● **PROBLEM TO WORK ON**: Transcribe word for word the section of the records below that opens with the line containing "sólido y equilibrado." and closes with the line containing "Old Almirah and"; drop every picture.

RECORD EXTRACTS below:

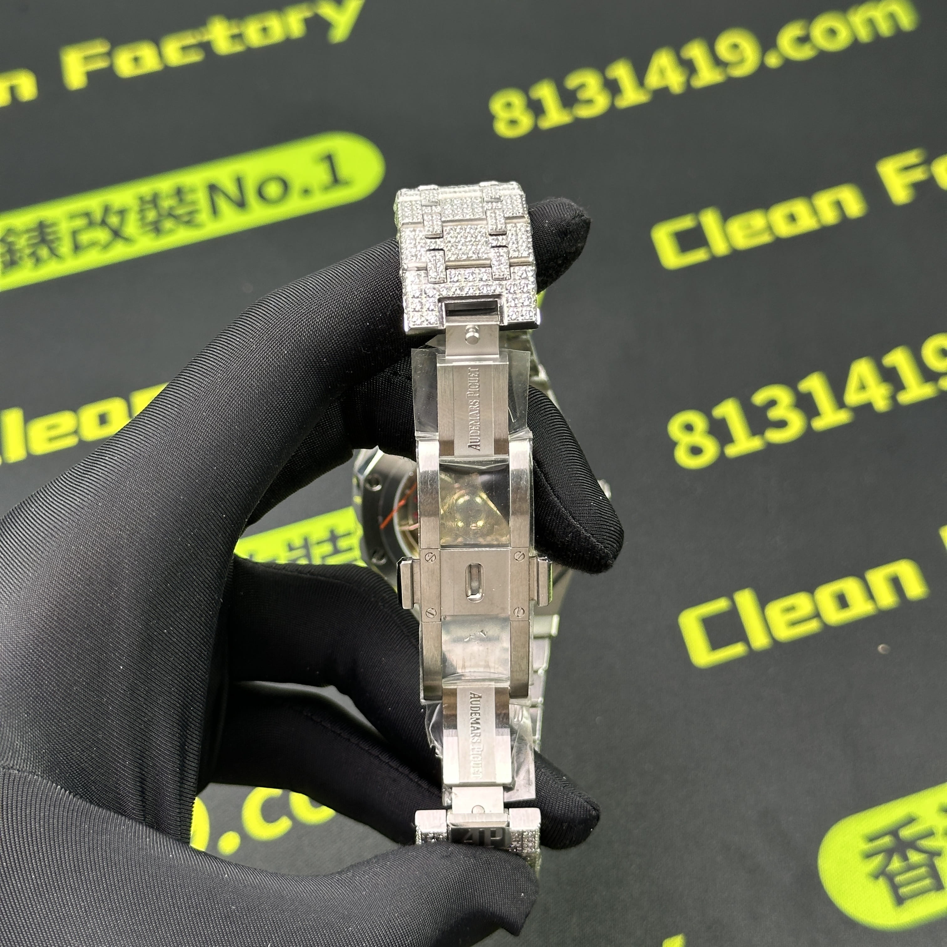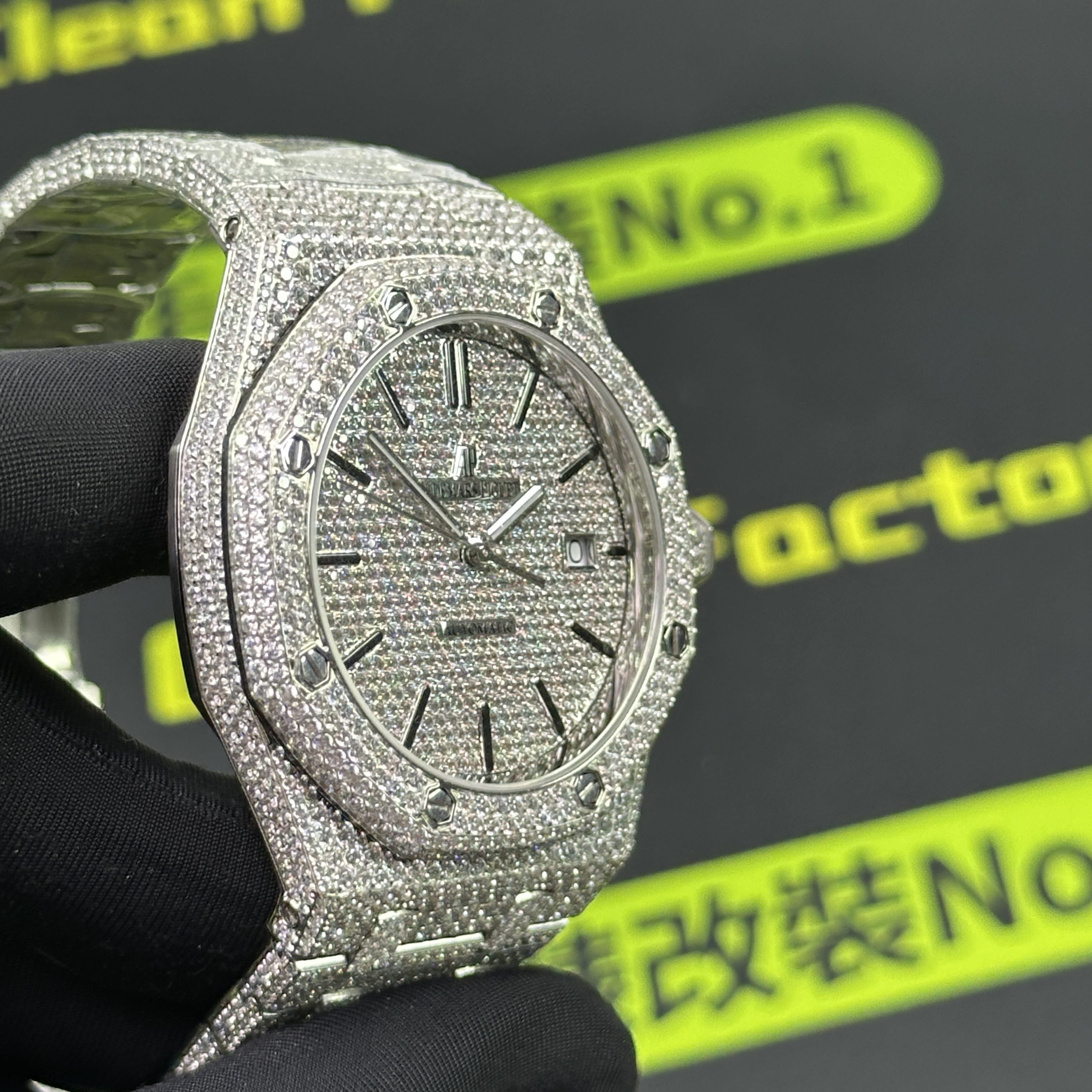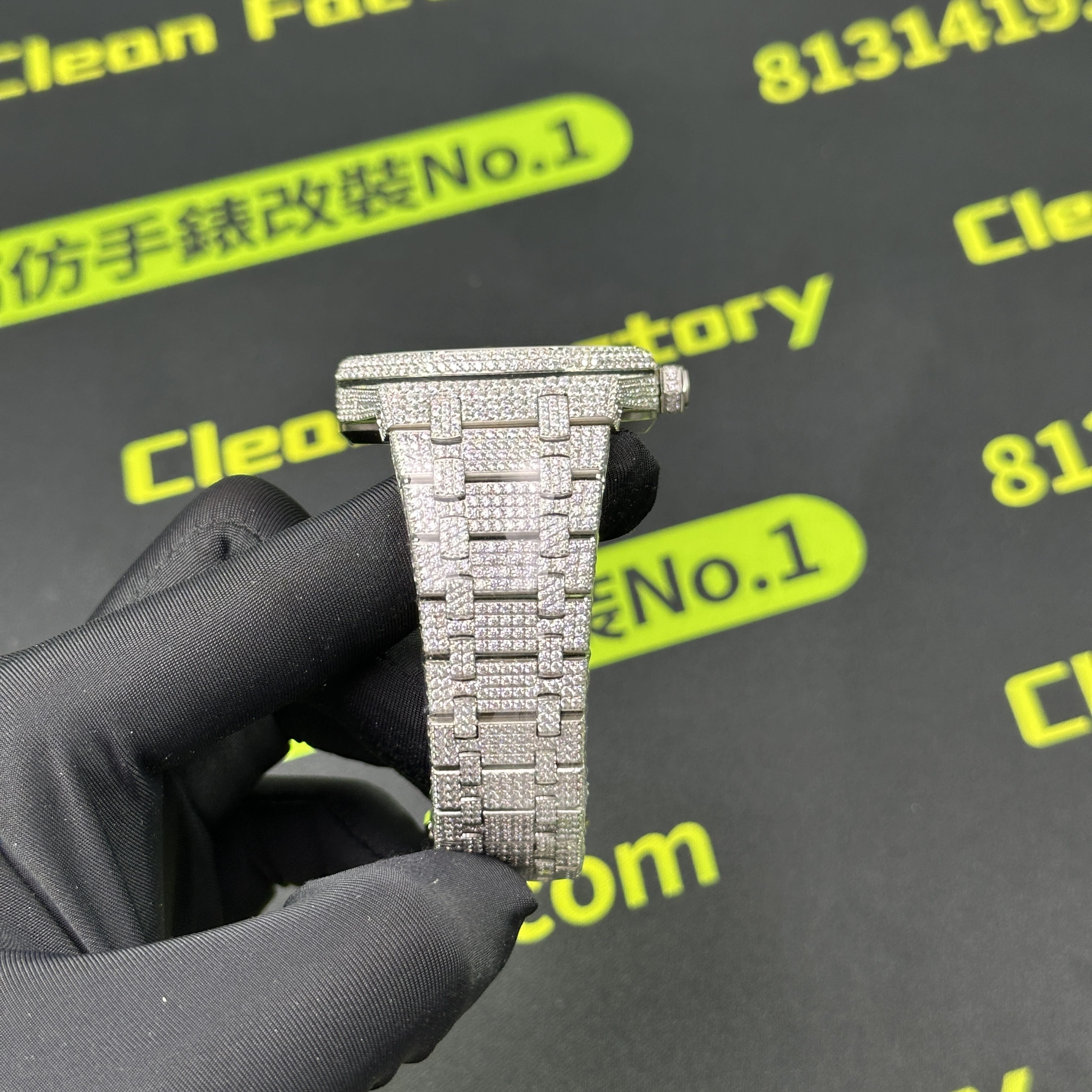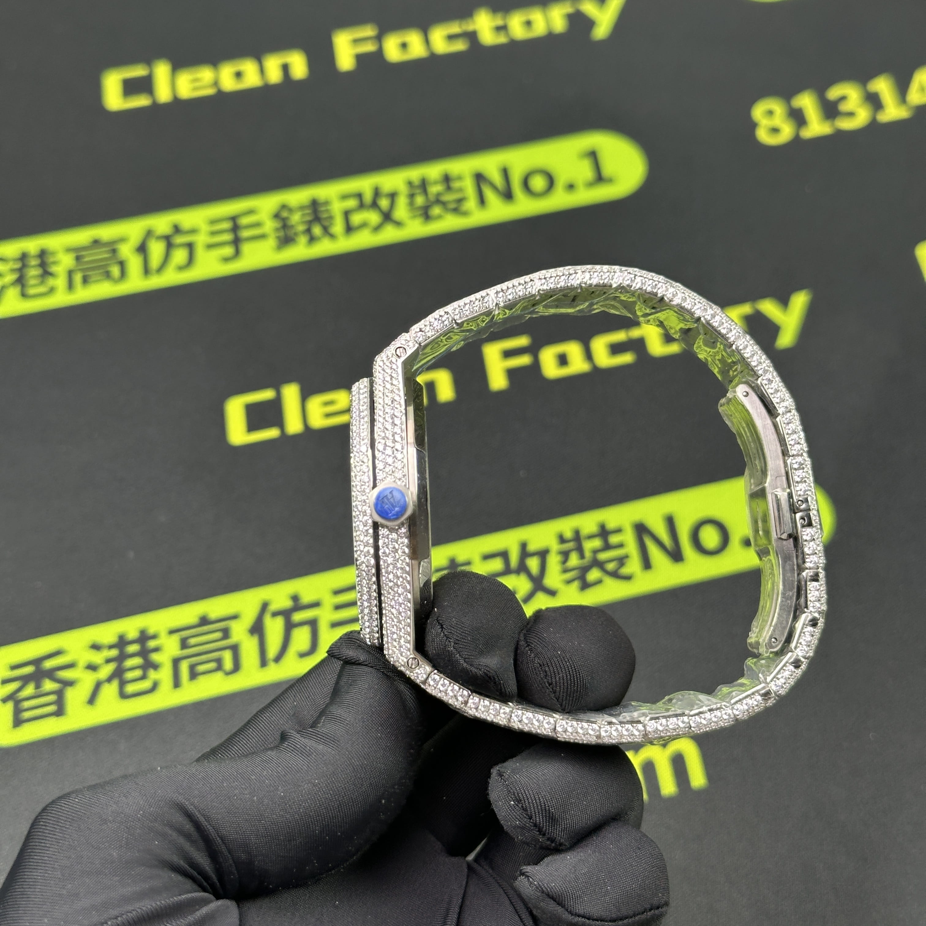 原有的基礎錶錶款我們可以根據預算去選擇,可以選擇ZF廠,APS廠,IP廠,等等廠家!例如選擇APS廠作為私人訂製基礎錶款式基於APS廠擁有良好的復刻條件,將錶殼尺寸,規格,厚薄度都可以達到量身訂做的需求.其次是APS廠本身也是大廠級別,對於機芯配置方面也是使用一體機芯構造,再者是小編認為對於高仿AP鑲鑽改裝以及私人訂製一些代用盤面的升級都建議選擇大廠工藝,穩定性是其一,畢竟改裝升級的需求是基礎好.
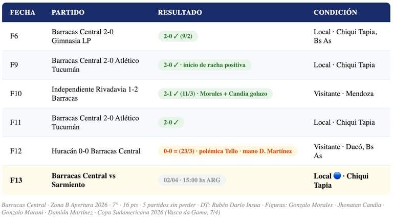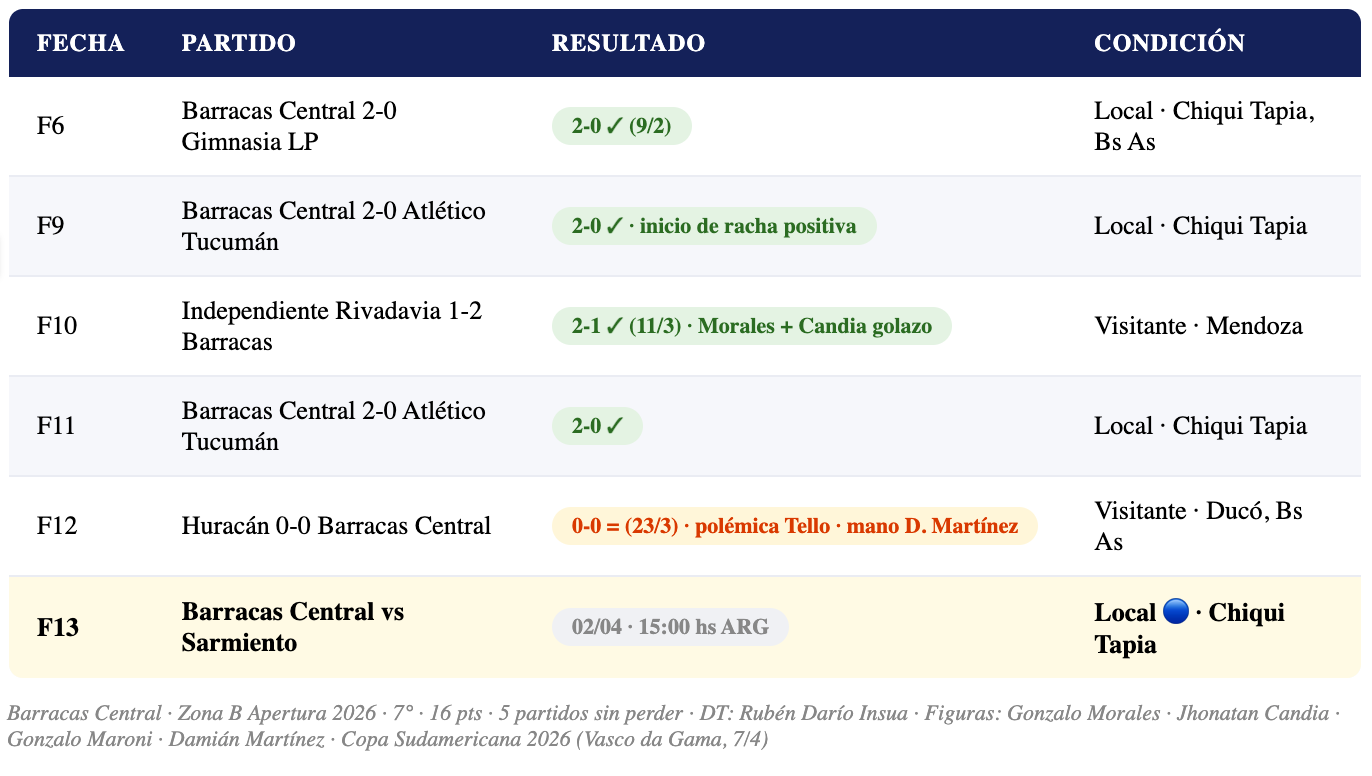 🔥 5 PARTIDOS SIN DERROTAS: Barracas Central llega a este partido con una racha de cinco encuentros consecutivos sin perder en el Apertura 2026 (AgenciaNova, post-F12). Victorias ante Independiente Rivadavia (2-1 visitante) y Atlético Tucumán (2-0), más empates ante Deportivo Riestra, Argentinos Juniors y Huracán. El DT Rubén Darío Insua ha encontrado un equipo sólido y equilibrado.
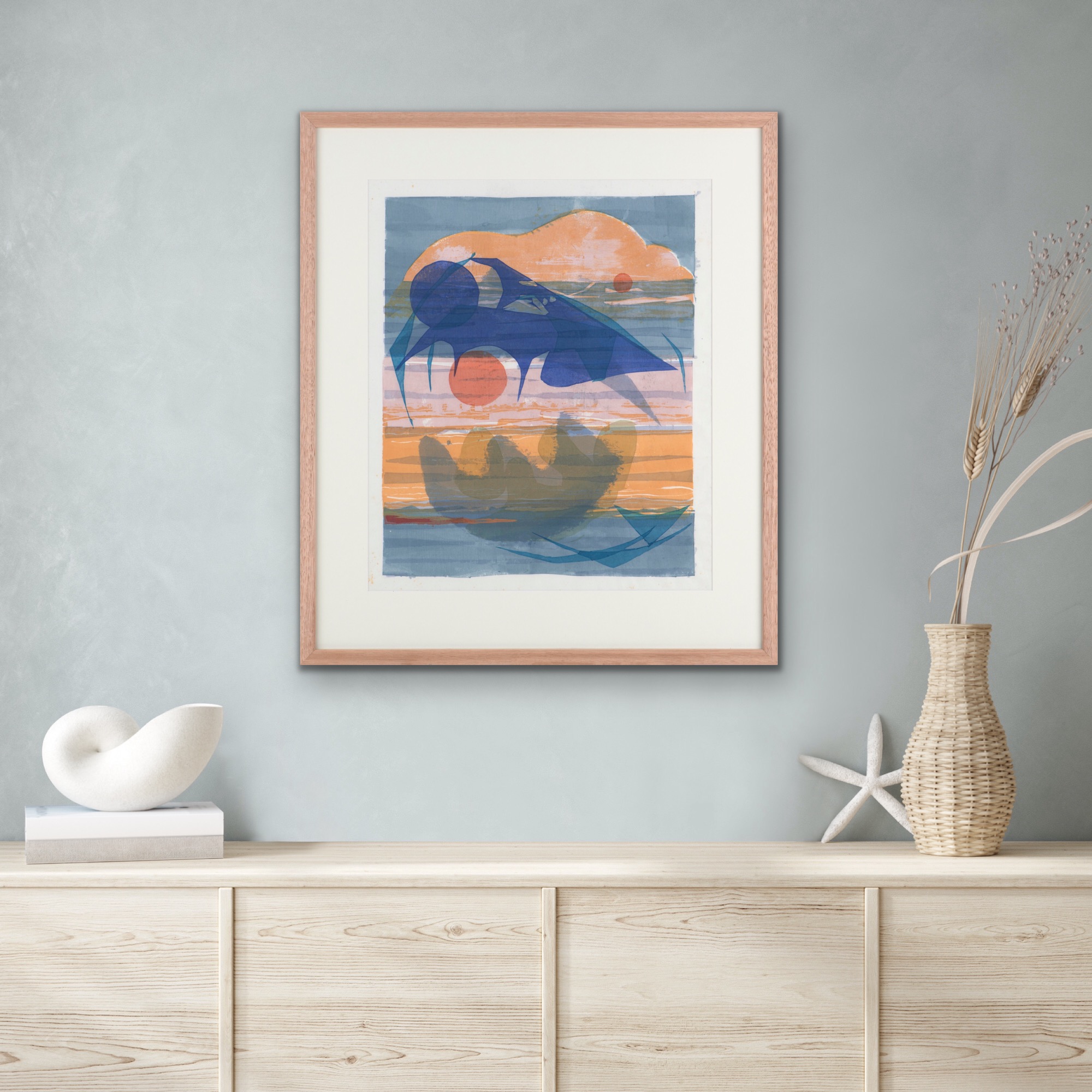 "Printed on Japanese paper from eight separate stencils, Sea Fringe explores the interplay of light and water. Brash portrays this other-worldly seascape with an economy of form, reducing the earth, sky and ocean to elemental volumes and blocks of colour. ‘Strangely, the paper itself seemed to suggest the colours and shapes I used', Brash revealed of the work in an interview with The Sun in 1963." (Geelong Art Gallery, Victoria)
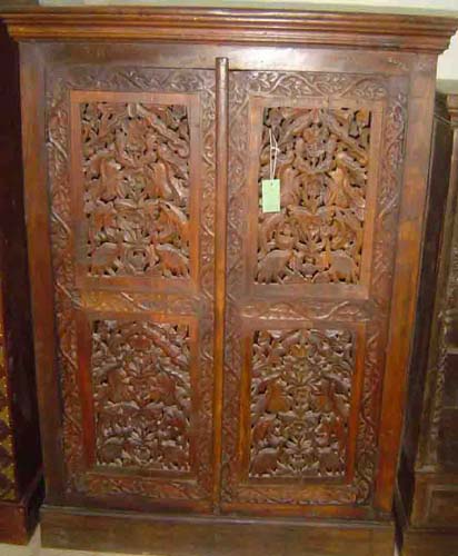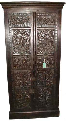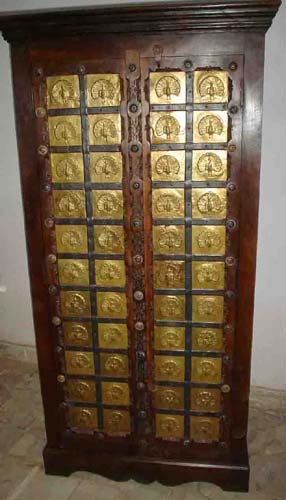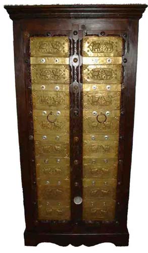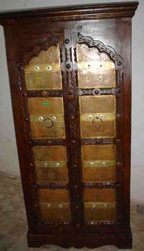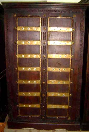 Old Almirah and Old Furniture, with Brass Fitting Doors, Tribal Carving Panels and Teak Wood. |
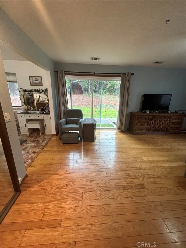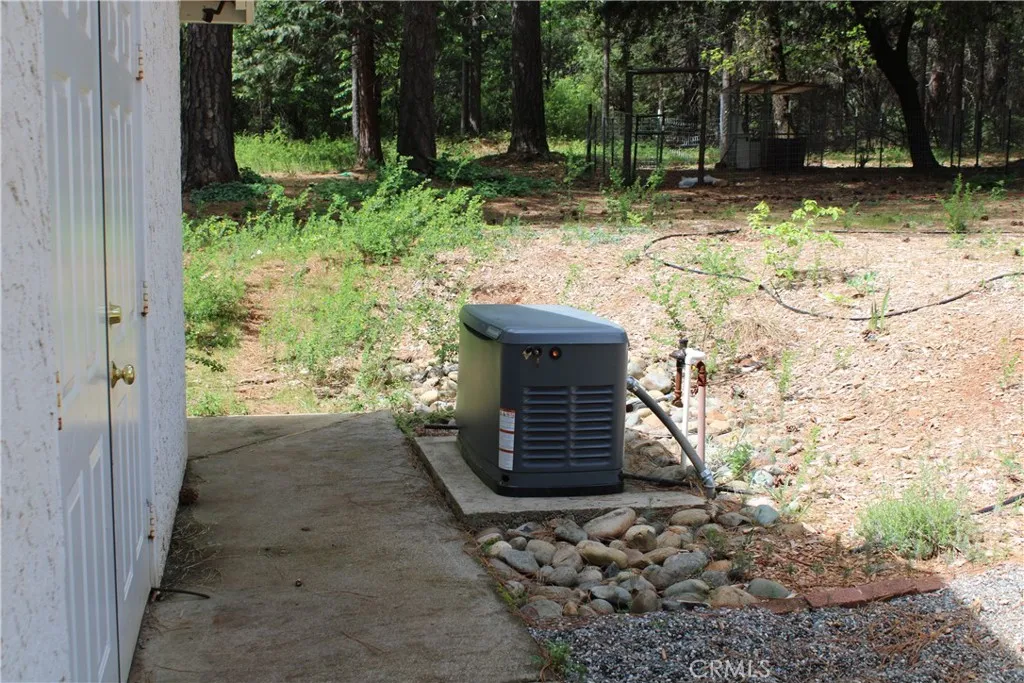 Fabulous Homestead on 4.80 Level Acres! Spacious contemporary home with storied windows to take in the forested surroundings. This home treats you to three generous sized bedrooms including a luxurious primary suite accented with marble tiled walk-in shower and a glorious jetted tub. Beautiful original hardwood flooring throughout the home, with many custom details, yet opportunity to update and add your own personal touches. Enjoy the centrally located wood burning fireplace that keeps this home nice and cozy. Recent upgrades include newer roof, new sliding doors and some windows. Also new mini-split heat and air, counter tops and updated lighting throughout the home. Property is perimeter fenced, set up for horses and is bordered by PGE Centerville Canal with deeded water rights. Property includes detached shop/garage with air compressor and plumbed lines, plus a Generac generator for any power outages.
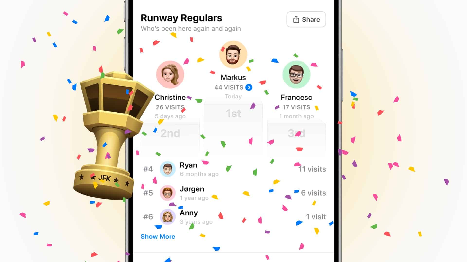 O app também tem sua parte divertida, como o Runway Regulars, uma espécie de ranking que mostra quantas vezes você e seus amigos visitaram determinados aeroportos — ideal para saber qual é aquele amigo que não dispensa uma boa viagem de avião.

End of RECORD EXTRACTS.

● **YOUR SOLUTION**:
 🔥 5 PARTIDOS SIN DERROTAS: Barracas Central llega a este partido con una racha de cinco encuentros consecutivos sin perder en el Apertura 2026 (AgenciaNova, post-F12). Victorias ante Independiente Rivadavia (2-1 visitante) y Atlético Tucumán (2-0), más empates ante Deportivo Riestra, Argentinos Juniors y Huracán. El DT Rubén Darío Insua ha encontrado un equipo sólido y equilibrado.
 "Printed on Japanese paper from eight separate stencils, Sea Fringe explores the interplay of light and water. Brash portrays this other-worldly seascape with an economy of form, reducing the earth, sky and ocean to elemental volumes and blocks of colour. ‘Strangely, the paper itself seemed to suggest the colours and shapes I used', Brash revealed of the work in an interview with The Sun in 1963." (Geelong Art Gallery, Victoria)
 Old Almirah and Old Furniture, with Brass Fitting Doors, Tribal Carving Panels and Teak Wood. |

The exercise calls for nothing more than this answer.